__Your assignment__: The listing below should be reproduced precisely, except for its images.

__Records for processing__:
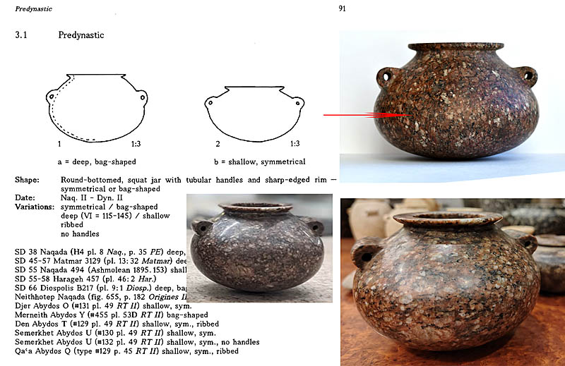 Drawings of forms give straightforward overview of stone production in ancient Egypt, helping establish the dates of the common vessels. This is an excellent reference material to have a detailed look at the ancient Egyptian stone vases to compare them to modern and/or machine-made vases ( if you haven’t seen many examples of Egyptian stone vases in the museums).
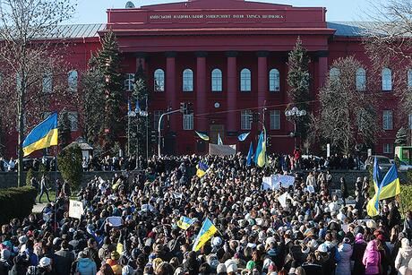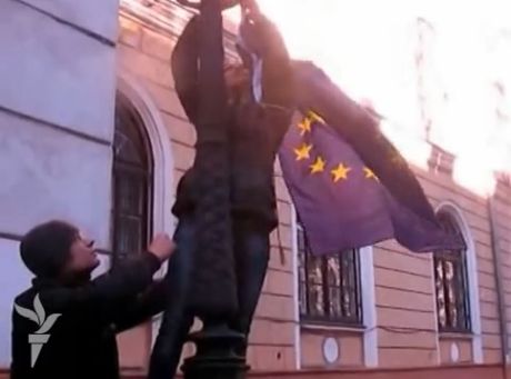 А у Одесі близько трьох десятків студентів зібралися біля головного корпусу Одеського національного університету і підняли прапор Євросоюзу, повідомляє "Радіо Свобода".
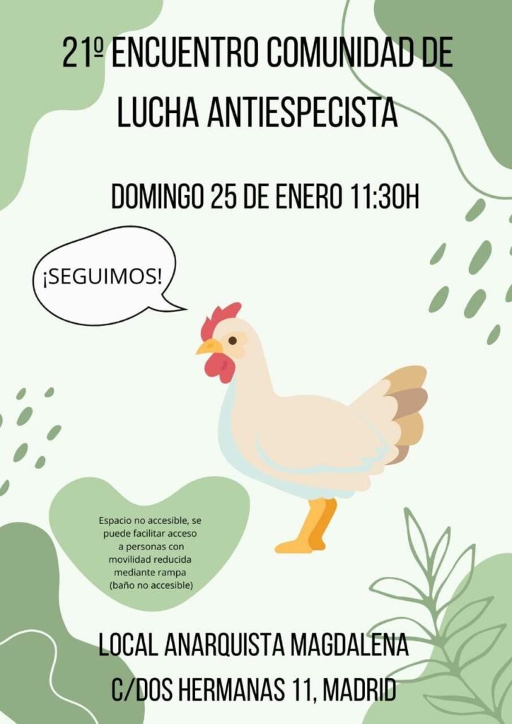 El próximo domingo 25 de enero a las 11:30h tendrá lugar en el Local Anarquista Magdalena un nuevo encuentro con el que seguir dando forma a la comunidad de lucha antiespecista, ¡anímate a venir!
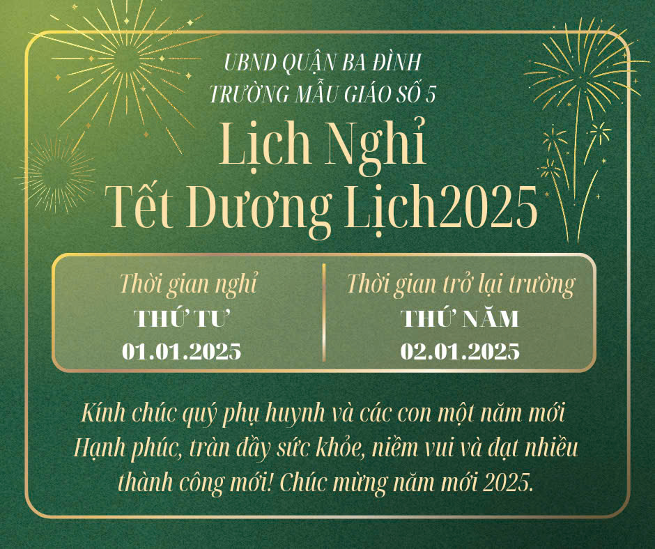 Lich nghỉ Tết Dương lịch 2025 trường Mẫu giáo Số 5
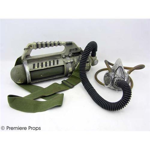 GRINDHOUSE - An incredibly detailed anti-plague gas mask with attached air hose and basin tank with an olive drab cloth shoulder strap. The canister tank and face mask have been studio aged to resemble used military ordinance. This is one of the tanks worn by a soldier onscreen to stave away the zombie plague during the Planet Terror segment. Dont miss your last chance to own a piece of the film with this one of a kind item from the set of GRINDHOUSE! (GRH2001)
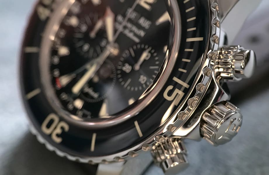而且还要注意一点也不是每款潜水计时码表都会採用旋入式按把,基本上如果没有旋入式按把设计,那就更不要在水中启动按把,因为这就有点像是自己引水入表般是种自我伤害的行为,总之回归到文章开头的问题,拥有计时码表功能的潜水表,即使号称防水性超过300米以上也不要启动计时按把,基本上在水中还是利用表圈计算时间就好,至于计时码表功能嘛⋯⋯等到上岸后还是有大把时间可以体验它的触感和运作品质,不急着在水下冒险尝试以免得不偿失。
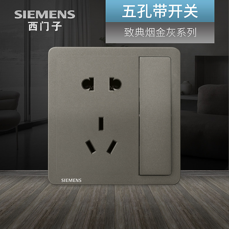 西门子五孔带开关单控插座 致典烟金灰银色10A二三插家用电源面板
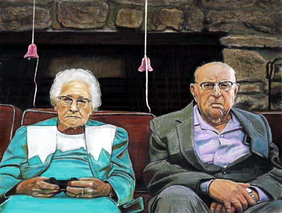 There is nothing like an elderly couple. Wouldn't ya just love to listen to what they have to say here? Outstanding work on this...it is another "wow" drawing. They are so cute...makes me smile looking at them.
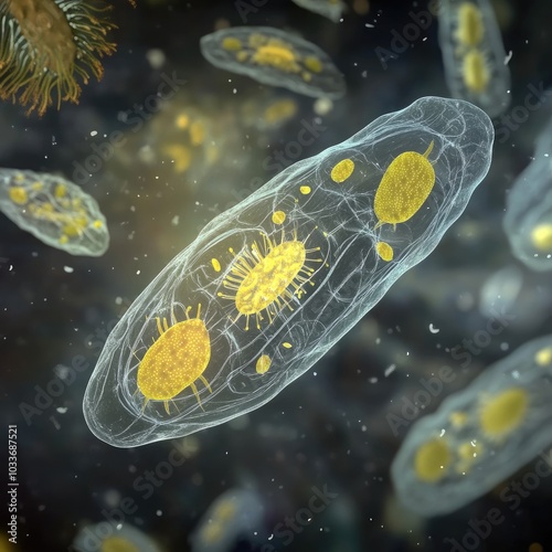 Unicellular organism: protozoan gliding across a droplet, reflecting the simplicity and complexity of primitive life, essential to ecosystems, evolution, and the foundation of microbiological study.
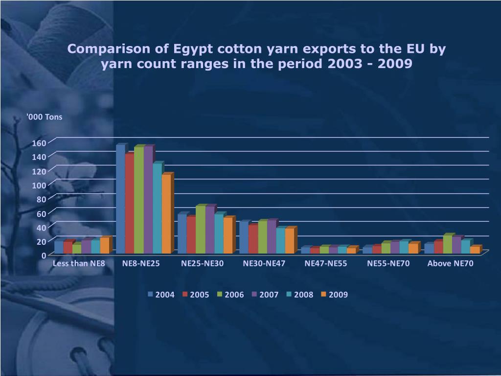 Comparison of Egypt cotton yarn exports to the EU by yarn count ranges in the period 2003 - 2009
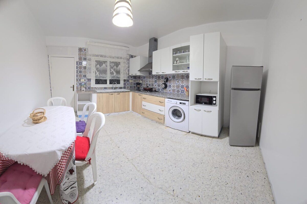 ¡Un verdadero hogar lejos de casa para disfrutar de Sousse al máximo! Amplio (120 m²) y situado en pleno centro, este apartamento le da la bienvenida en una zona tranquila y segura, a solo 5 minutos de la medina y a 10 minutos de la playa de Boujaâfer. Combinando confort y autenticidad, ofrece aire acondicionado, calefacción, una cocina totalmente equipada, un acogedor salón, dos dormitorios, un baño privado y un agradable patio al aire libre. Todo está al alcance de la mano: tiendas, restaurantes, transporte… todo accesible a pie.
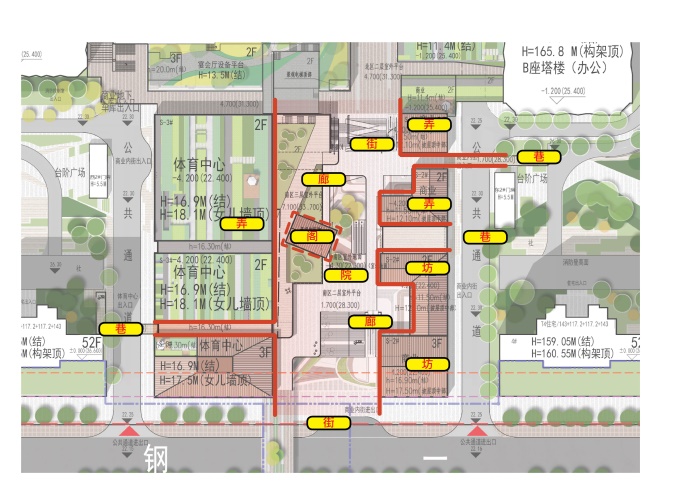 Aedas充分尊重原城市设计原则,在一链、一印、两章、两坊的全新格局下,以商业之章、塔楼之印,保留武钢囍印肌理,多维度传承武钢精神,将经典的大院社区空间引入当代商业生活方式。
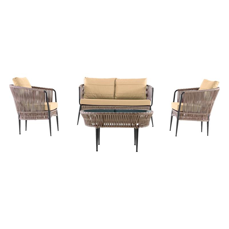 Διαμορφώστε τον κήπο ή το μπαλκόνι σας σε μια γωνιά χαλάρωσης με ιδιαίτερο στιλ και σύγχρονο design. Το σετ κήπου Lines αποτελείται από διθέσιο καναπεδάκι, 2 πολυθρόνες και τραπεζάκι και είναι κατασκευασμένο από ανθεκτικό σκελετό αλουμινίου και χοντρό πολυεστερικό κορδόνι σε πλέξη. Περιλαμβάνει τα μαξιλάρια πλάτης και καθίσματος, πάχους 10εκ., κατασκευασμένα από water repellent ύφασμα ιδιαίτερης αντοχής.

__Solution to this exercise__:
 Drawings of forms give straightforward overview of stone production in ancient Egypt, helping establish the dates of the common vessels. This is an excellent reference material to have a detailed look at the ancient Egyptian stone vases to compare them to modern and/or machine-made vases ( if you haven’t seen many examples of Egyptian stone vases in the museums).
 А у Одесі близько трьох десятків студентів зібралися біля головного корпусу Одеського національного університету і підняли прапор Євросоюзу, повідомляє "Радіо Свобода".
 El próximo domingo 25 de enero a las 11:30h tendrá lugar en el Local Anarquista Magdalena un nuevo encuentro con el que seguir dando forma a la comunidad de lucha antiespecista, ¡anímate a venir!
 Lich nghỉ Tết Dương lịch 2025 trường Mẫu giáo Số 5
 GRINDHOUSE - An incredibly detailed anti-plague gas mask with attached air hose and basin tank with an olive drab cloth shoulder strap. The canister tank and face mask have been studio aged to resemble used military ordinance. This is one of the tanks worn by a soldier onscreen to stave away the zombie plague during the Planet Terror segment. Dont miss your last chance to own a piece of the film with this one of a kind item from the set of GRINDHOUSE! (GRH2001)
而且还要注意一点也不是每款潜水计时码表都会採用旋入式按把,基本上如果没有旋入式按把设计,那就更不要在水中启动按把,因为这就有点像是自己引水入表般是种自我伤害的行为,总之回归到文章开头的问题,拥有计时码表功能的潜水表,即使号称防水性超过300米以上也不要启动计时按把,基本上在水中还是利用表圈计算时间就好,至于计时码表功能嘛⋯⋯等到上岸后还是有大把时间可以体验它的触感和运作品质,不急着在水下冒险尝试以免得不偿失。
 西门子五孔带开关单控插座 致典烟金灰银色10A二三插家用电源面板
 There is nothing like an elderly couple. Wouldn't ya just love to listen to what they have to say here? Outstanding work on this...it is another "wow" drawing. They are so cute...makes me smile looking at them.
 Unicellular organism: protozoan gliding across a droplet, reflecting the simplicity and complexity of primitive life, essential to ecosystems, evolution, and the foundation of microbiological study.
 Comparison of Egypt cotton yarn exports to the EU by yarn count ranges in the period 2003 - 2009
 ¡Un verdadero hogar lejos de casa para disfrutar de Sousse al máximo! Amplio (120 m²) y situado en pleno centro, este apartamento le da la bienvenida en una zona tranquila y segura, a solo 5 minutos de la medina y a 10 minutos de la playa de Boujaâfer. Combinando confort y autenticidad, ofrece aire acondicionado, calefacción, una cocina totalmente equipada, un acogedor salón, dos dormitorios, un baño privado y un agradable patio al aire libre. Todo está al alcance de la mano: tiendas, restaurantes, transporte… todo accesible a pie.
 Aedas充分尊重原城市设计原则,在一链、一印、两章、两坊的全新格局下,以商业之章、塔楼之印,保留武钢囍印肌理,多维度传承武钢精神,将经典的大院社区空间引入当代商业生活方式。
 Διαμορφώστε τον κήπο ή το μπαλκόνι σας σε μια γωνιά χαλάρωσης με ιδιαίτερο στιλ και σύγχρονο design. Το σετ κήπου Lines αποτελείται από διθέσιο καναπεδάκι, 2 πολυθρόνες και τραπεζάκι και είναι κατασκευασμένο από ανθεκτικό σκελετό αλουμινίου και χοντρό πολυεστερικό κορδόνι σε πλέξη. Περιλαμβάνει τα μαξιλάρια πλάτης και καθίσματος, πάχους 10εκ., κατασκευασμένα από water repellent ύφασμα ιδιαίτερης αντοχής.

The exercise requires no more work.